Introduction of Nucleic Acids
[0119] Methods of introducing nucleic acids into a cell include physical, biological and chemical methods. Physical methods for introducing a polynucleotide, such as DNA or RNA, into a cell include transfection, transformation, transduction, calcium phosphate precipitation, lipofection, particle bombardment, microinjection, electroporation, and the like. RNA and DNA can be introduced into cells using commercially available methods which include electroporation (Amaxa Nucleofector-II (Amaxa Biosystems, Cologne, Germany)), (ECM 830 (BTX) (Harvard Instruments, Boston, Mass.) or the Gene Pulser II (BioRad, Denver, Colo.), Multiporator (Eppendort, Hamburg Germany). RNA and DNA can also be introduced into cells using cationic liposome mediated transfection using lipofection, using polymer encapsulation, using peptide mediated transfection, or using biolistic particle delivery systems such as gene guns (see, for example, Nishikawa, et al. Hum Gene Ther., 12(8):861-70 (2001).

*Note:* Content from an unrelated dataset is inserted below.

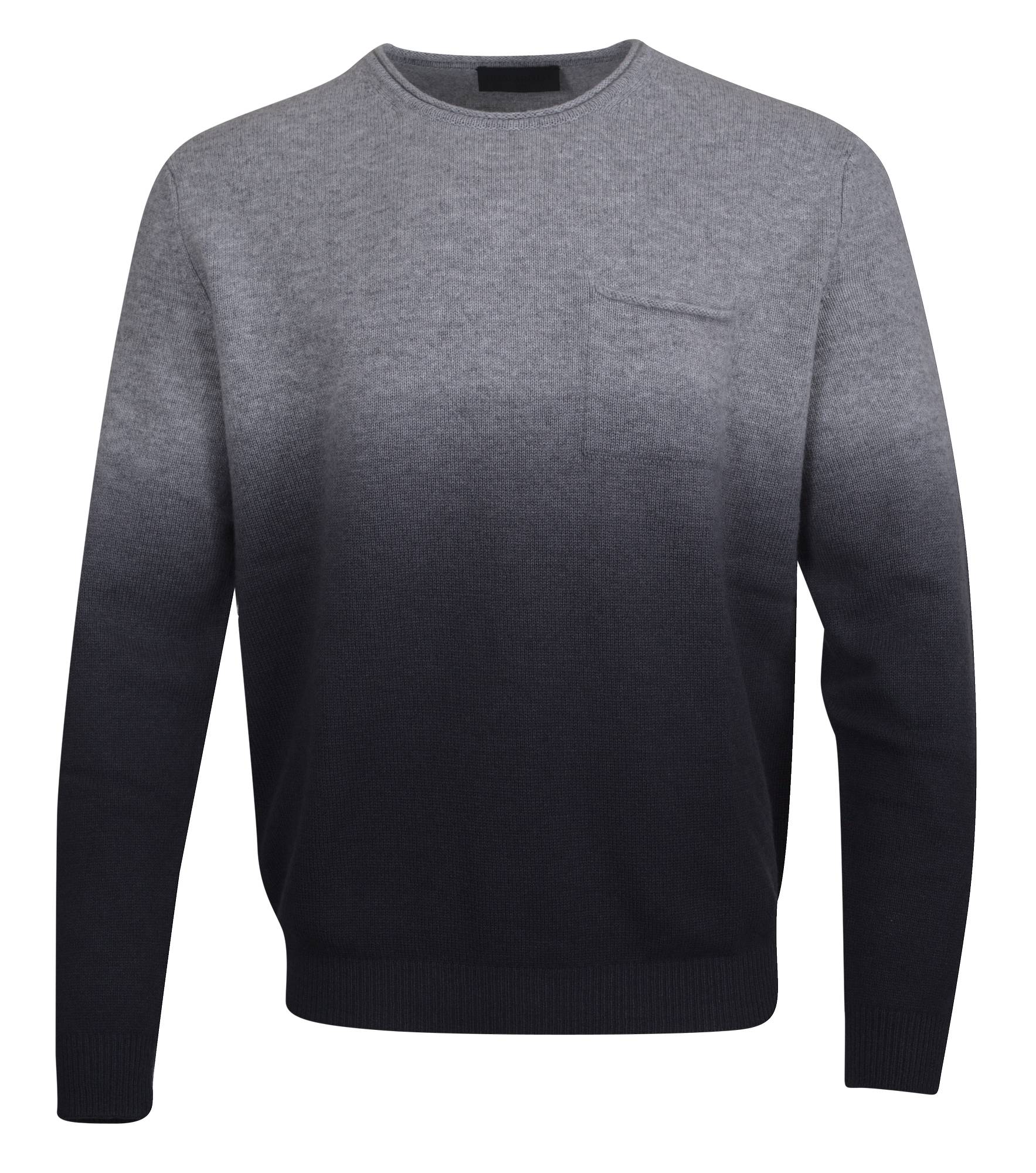 Strickpullover, Runder-Ausschnitt, Eine Taschen, Ombré-Style, Gerippt am Saum und Ärmelenden
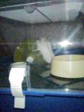 我が家の娘(10歳)のペットのハムスターのピーチでする。・・・・実は本人(ハムスター)ではなく替え玉なのです。実は3月の末の春休みに娘は祖父と祖母に沖縄旅行に連れて行ってもらいました。たった二泊三日のスケジュールなのに、留守宅では悲劇がっ!!明日帰ってくるという夜に娘からメールがとどきました。「ママ、ピーチにちゃんと餌をやって面倒してね」その内容を見て餌は十分あるし元気だし大丈夫大丈夫とたかをくくる私。深夜近くに帰ってきた夫がトイレに入ると・・・水洗タンクの上に乗せていたゲージが(夜ハムスターが活動してうるさいのでトイレに置いていた)何故か落下していました・・・びっくりした夫は急いでゲージを持ち上げるとその下には白いティッシュが・・・テッシュを拾おうと触れたらそれはテッシュではなくゲージの下敷きになってぺっちゃんこになって死んでいたハムスターだったのです!!なんじゃこりゃーーーっ!!状態の夫の姿をご想像くださいませ。・・・・・・やばい!やばすぎる!あれほどハム公のことを頼まれていたのに・・・次の日山形市まで仕事で行った夫に帰りに真っ白いハムスターを買ってくるようにお願いいたしました。そして何事もなかったようにゲージにいれました。もちろん娘にはこの史事実は内緒です。・・・・・ごめんね!!許してぇぇぇぇぇ懺悔いたします。

[0120] Biological methods for introducing a polynucleotide of interest into a cell include the use of DNA and RNA vectors. Viral vectors, and especially retroviral vectors, have become the most widely used method for inserting genes into mammalian, e.g., human cells. Other viral vectors can be derived from lentivirus, poxviruses, herpes simplex virus I, adenoviruses and adeno-associated viruses, and the like. See, for example, U.S. Pat. Nos. 5,350,674 and 5,585,362. Non-viral vector such as plasmids can also be used to introduce nucleic acids or polynucleotides into a cell. In certain embodiments plasmids containing guide RNAs are transfected into a cell.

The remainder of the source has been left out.